You only need but look at the cookie tracking the telecoms are doing right now to see that their oligopoly gives them little incentive to respect consumer's privacy.
It's true they may not have much incentive to protect your privacy (besides perhaps competition from "better" companies and/or legislation).
But also keep in mind that Google has a huge incentive to breach your privacy, and have been taken to court over it, numerous times.
I guess that on a satellite network (~600ms), latency would be greatly reduced as there is only one (and persistent) TCP connection to the proxy, with HTTP2 (or SPDY) over that (using http2 multiplexing capabilities).

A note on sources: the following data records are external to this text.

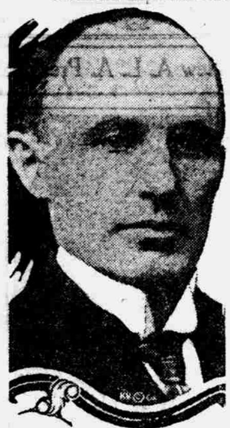
Hon. Arthur Meighen.

Hon. Arthur Meighen, formerly minister of the interior in the Canadian cabinet, has just been appointed prime minister to succeed Sir Robert Borden, resigned. Only forty-six years old, Meighen is the youngest man to be called to the Canadian premiership. He was born in Perth county, Ontario, and has held many important positions in the government service.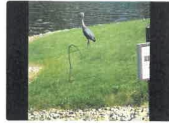
Heron by Pond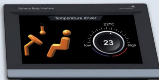
SBI – Control unit and display, the central unit in the modular Spheros Body Interface Concept.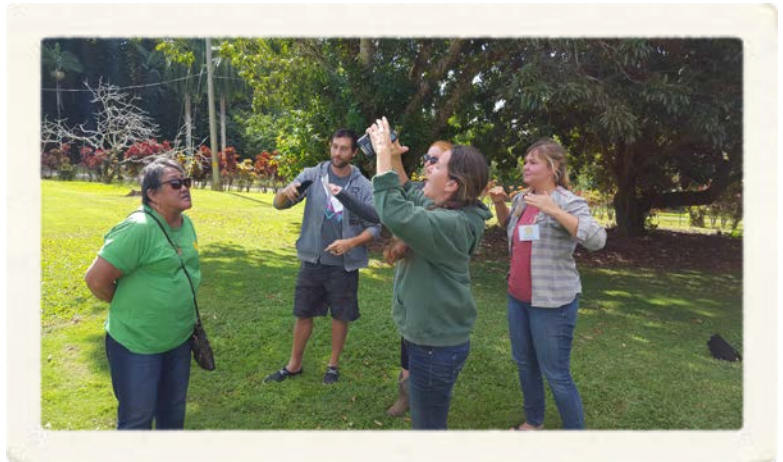
New Master Gardener trainees act out "Garden Charades" for a certified Master Gardener to guess. The word: Mountain Apple.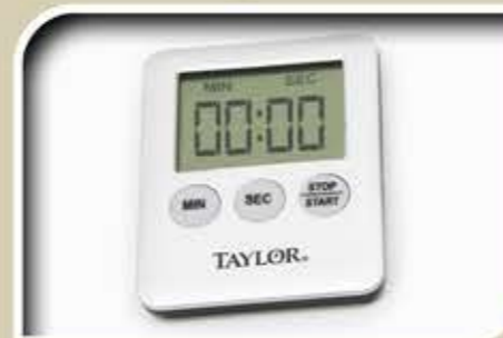
Set Timer for specified minutes (see TIMING CHART) and allow HeatClamp™ to "Cook" the ID Unit onto the tire.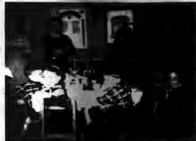
TODDLER GROUP of Congregation Shomrei Zedek, Hicksville recently celebrated Chanukah with a party in the vestry room of the Synagogue, E. Barclay St.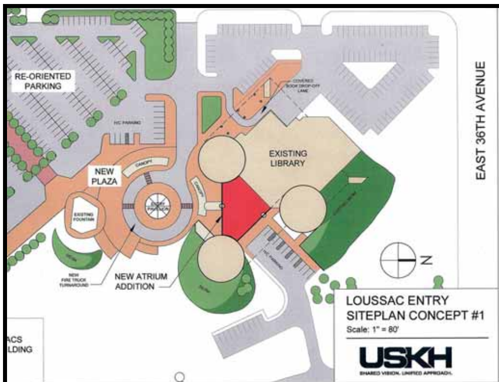
Proposed site plan for renovation of Z.J. Loussac Public Library. Designed by USKH.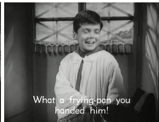
Figure 31: the altar boy reveals how the old man has been put to sleep for the benefit of the Fascist inspection, from the same film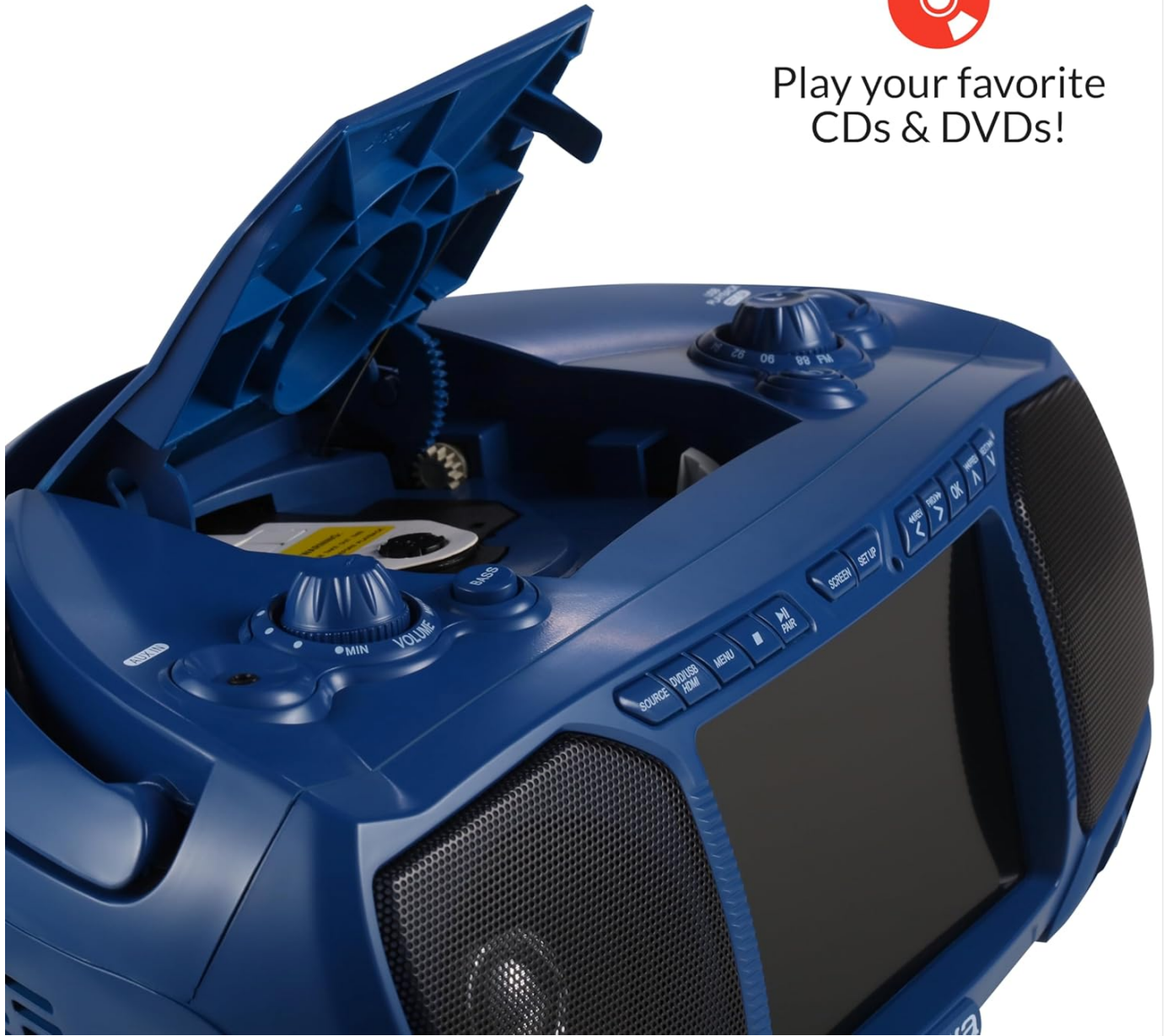
Figure 6: Top-loading CD/DVD player.

This one tcp connection will be fully established and with a full tcp-window basically the whole time. The TLS with be fully negotiated and setup. Leaving the client with an optimized tunnel to google servers.
Considering that most latency on the path is on the satellite part, and google servers are on the other side of it, tcp handshakes and ssl setups to destination servers will occur on that low-latency side. Google will just push those optimized content over the tunnel to clients.
Looks like paradise.
TL,DR: Satellite clients won't open 4 connections to servers and wait for 4 tcp handshakes and slowly open those 4 connections tcp-windows for every site visited. They will open one connection to google server (on the other side of satellite) and let google do the hard work. High-latency paradise!
I remember really appreciating how quickly pages rendered on that browser, compared to the stock chrome when I was using android.
so this is part of the google mobile strategy.
"Flywheel is integrated with the Chrome web browser and reduces the size of proxied web pages by 50% for a median user."
is there any implementation of this outside chrome, OS?
thx Matt, reading for background: 'Making the mobile web fast' ~ http://matt-welsh.blogspot.com.au/2011/05/what-im-working-on...
Since this is for Chrome only, I'm surprised they don't use the other possible compression format: zlib (confusingly named deflate in the RFC). It's 12 bytes less and uses a faster to compute ADLER32 checksum, compared to CRC32 in gzip.
So really, it's a gzipping proxy written in Go. Hopefully they extend the protocol to better compression in future.
Interesting idea I guess.
You'd be surprised how many sites still do not enable gzip.
I still don't think that excuses not implementing it by now but I'd bet the explanation starts with some engineer having a bad week and not wanting to relive the experience.
1. Some major CDNs and caching proxies like nginx also haven't bothered to implement Vary but that doesn't matter for this particular scenario since they don't appear to be using any of them.
If you did not serve up this information to request even though you had access to it, your company WOULD be breaking the law - this has already been settled in court. It is my conclusion that, as law abiding citizens and company, you would serve such requests. I also tangentially believe that if you felt the information would be useful to create a better product (and/or make more money) you would do this, as you are also compelled by law to maximize profit for shareholders and are incentivized do so to by financial compensation. I see no reason why your company would break the law to restrict the scope of this feature.
No need to speculate as appellate courts (and Google's own recent trials) have made the law quite clear.